Segment Open
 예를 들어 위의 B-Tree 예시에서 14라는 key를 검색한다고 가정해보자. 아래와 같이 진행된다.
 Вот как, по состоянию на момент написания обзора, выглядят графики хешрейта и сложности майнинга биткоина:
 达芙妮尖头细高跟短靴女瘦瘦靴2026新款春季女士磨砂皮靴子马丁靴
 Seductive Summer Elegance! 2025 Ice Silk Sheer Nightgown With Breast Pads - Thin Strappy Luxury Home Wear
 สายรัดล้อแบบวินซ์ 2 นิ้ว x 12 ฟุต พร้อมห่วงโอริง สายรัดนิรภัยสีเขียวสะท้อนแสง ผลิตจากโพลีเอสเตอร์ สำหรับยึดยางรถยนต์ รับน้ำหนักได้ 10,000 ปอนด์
Segment Closed
Segment Open
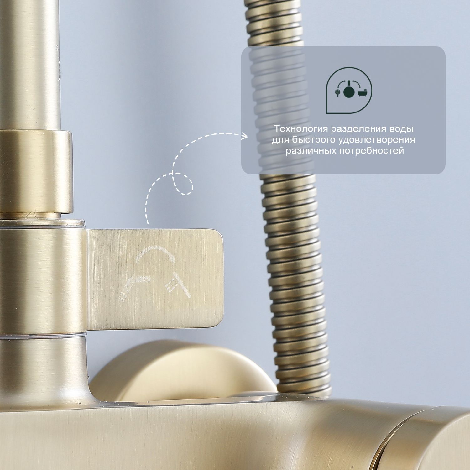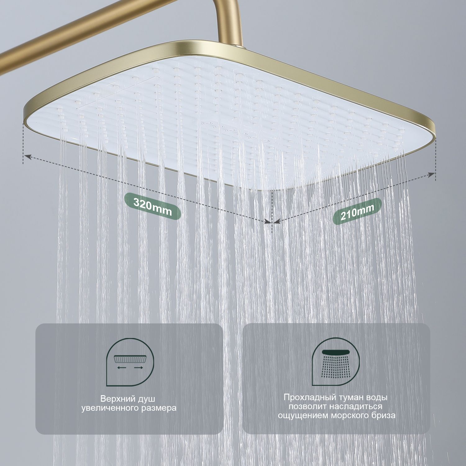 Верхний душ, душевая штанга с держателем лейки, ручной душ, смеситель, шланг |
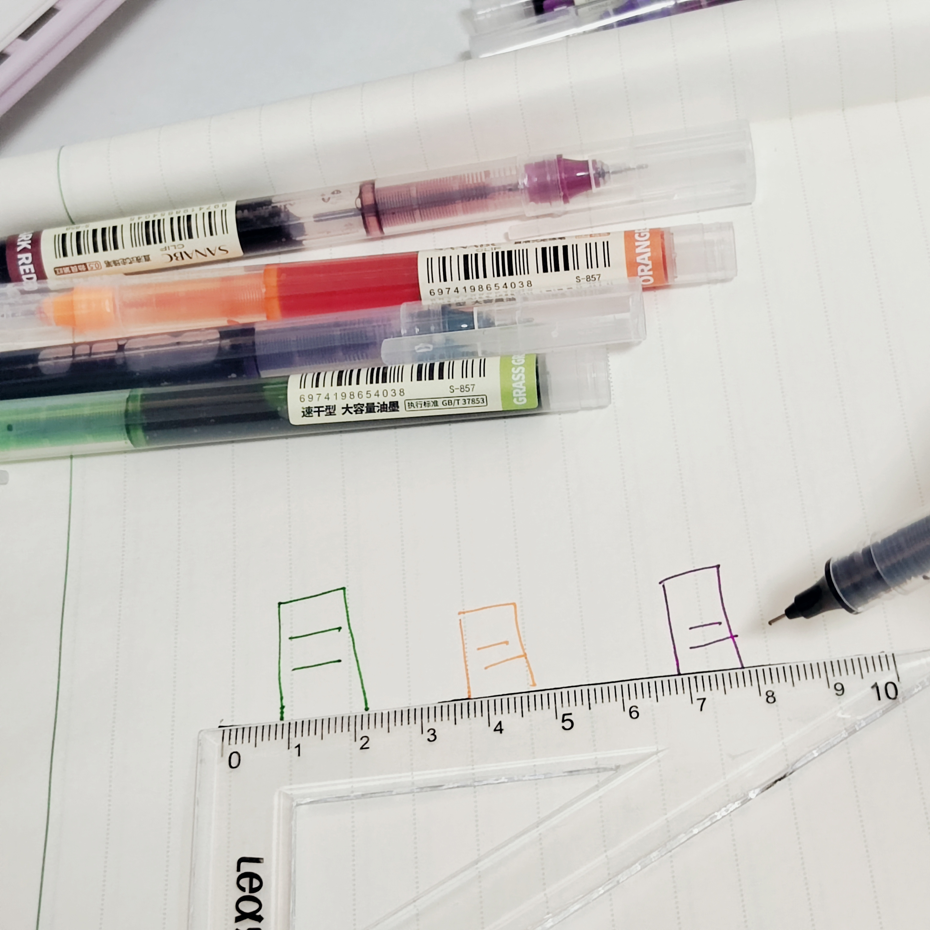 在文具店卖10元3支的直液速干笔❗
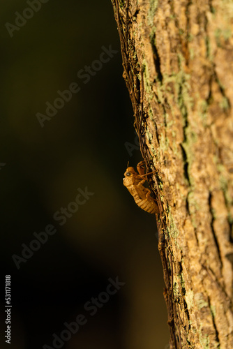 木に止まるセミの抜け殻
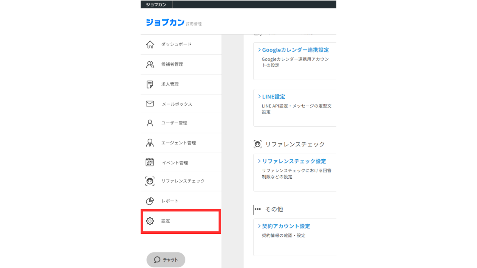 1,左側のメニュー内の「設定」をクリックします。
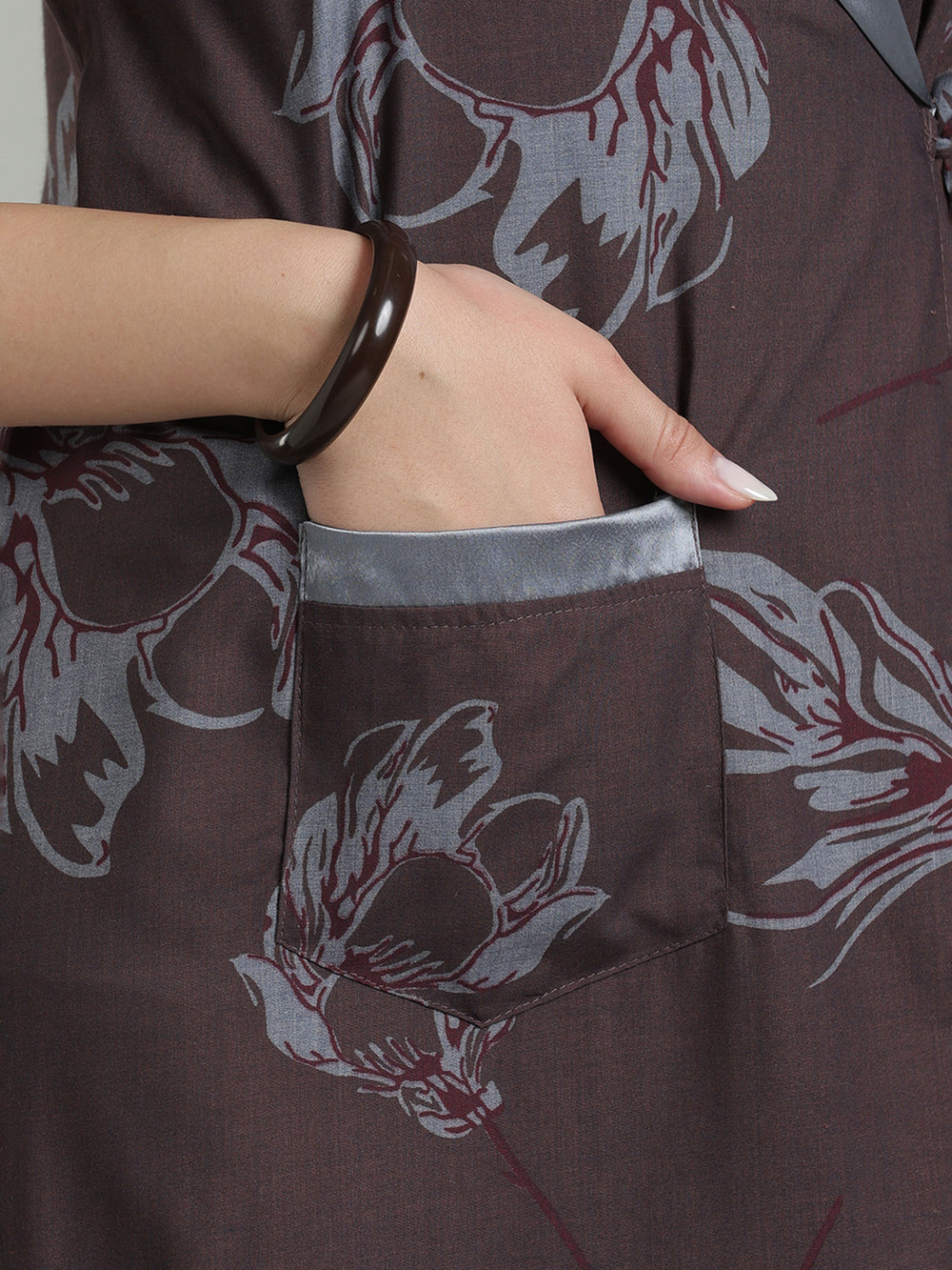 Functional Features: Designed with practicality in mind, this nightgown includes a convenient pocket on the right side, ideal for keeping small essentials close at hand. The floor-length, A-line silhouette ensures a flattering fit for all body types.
Segment Closed
→ **REQUIREMENT**
Your answer should be the lines of the listing above between the line holding "Seductive Summer Elegance!" and the line holding "สายรัดล้อแบบวินซ์ 2 นิ้ว", inclusive, restated word for word and alone.

→ **ANSWER SPACE**
 Seductive Summer Elegance! 2025 Ice Silk Sheer Nightgown With Breast Pads - Thin Strappy Luxury Home Wear
 สายรัดล้อแบบวินซ์ 2 นิ้ว x 12 ฟุต พร้อมห่วงโอริง สายรัดนิรภัยสีเขียวสะท้อนแสง ผลิตจากโพลีเอสเตอร์ สำหรับยึดยางรถยนต์ รับน้ำหนักได้ 10,000 ปอนด์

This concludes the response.